Exercise brief:
In the entries that follow, find the line containing "春節(jié)活動(dòng"; from there, copy every line exactly through the line containing "3. In the WordPress".

Exercise materials:
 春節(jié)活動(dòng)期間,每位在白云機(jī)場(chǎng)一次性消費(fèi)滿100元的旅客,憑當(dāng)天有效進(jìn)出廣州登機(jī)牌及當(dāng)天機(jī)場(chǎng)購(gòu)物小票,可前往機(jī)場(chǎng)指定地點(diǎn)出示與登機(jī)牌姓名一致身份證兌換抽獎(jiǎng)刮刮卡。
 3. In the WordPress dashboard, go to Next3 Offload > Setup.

==

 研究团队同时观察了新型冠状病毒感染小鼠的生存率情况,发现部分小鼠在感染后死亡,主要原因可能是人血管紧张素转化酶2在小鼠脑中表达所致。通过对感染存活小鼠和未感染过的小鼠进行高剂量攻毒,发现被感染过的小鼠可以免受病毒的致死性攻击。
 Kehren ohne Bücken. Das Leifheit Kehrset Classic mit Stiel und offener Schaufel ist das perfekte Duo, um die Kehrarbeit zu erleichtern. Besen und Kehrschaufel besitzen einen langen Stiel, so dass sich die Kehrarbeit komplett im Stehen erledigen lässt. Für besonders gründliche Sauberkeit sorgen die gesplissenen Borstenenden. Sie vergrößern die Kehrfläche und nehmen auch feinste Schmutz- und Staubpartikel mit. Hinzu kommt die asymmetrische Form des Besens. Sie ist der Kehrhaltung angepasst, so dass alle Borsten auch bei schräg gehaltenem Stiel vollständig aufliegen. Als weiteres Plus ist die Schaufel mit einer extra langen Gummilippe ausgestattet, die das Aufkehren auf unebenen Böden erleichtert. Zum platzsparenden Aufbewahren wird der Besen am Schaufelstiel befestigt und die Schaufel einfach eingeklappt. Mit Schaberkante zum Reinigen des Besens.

The completed task:
 春節(jié)活動(dòng)期間,每位在白云機(jī)場(chǎng)一次性消費(fèi)滿100元的旅客,憑當(dāng)天有效進(jìn)出廣州登機(jī)牌及當(dāng)天機(jī)場(chǎng)購(gòu)物小票,可前往機(jī)場(chǎng)指定地點(diǎn)出示與登機(jī)牌姓名一致身份證兌換抽獎(jiǎng)刮刮卡。
 3. In the WordPress dashboard, go to Next3 Offload > Setup.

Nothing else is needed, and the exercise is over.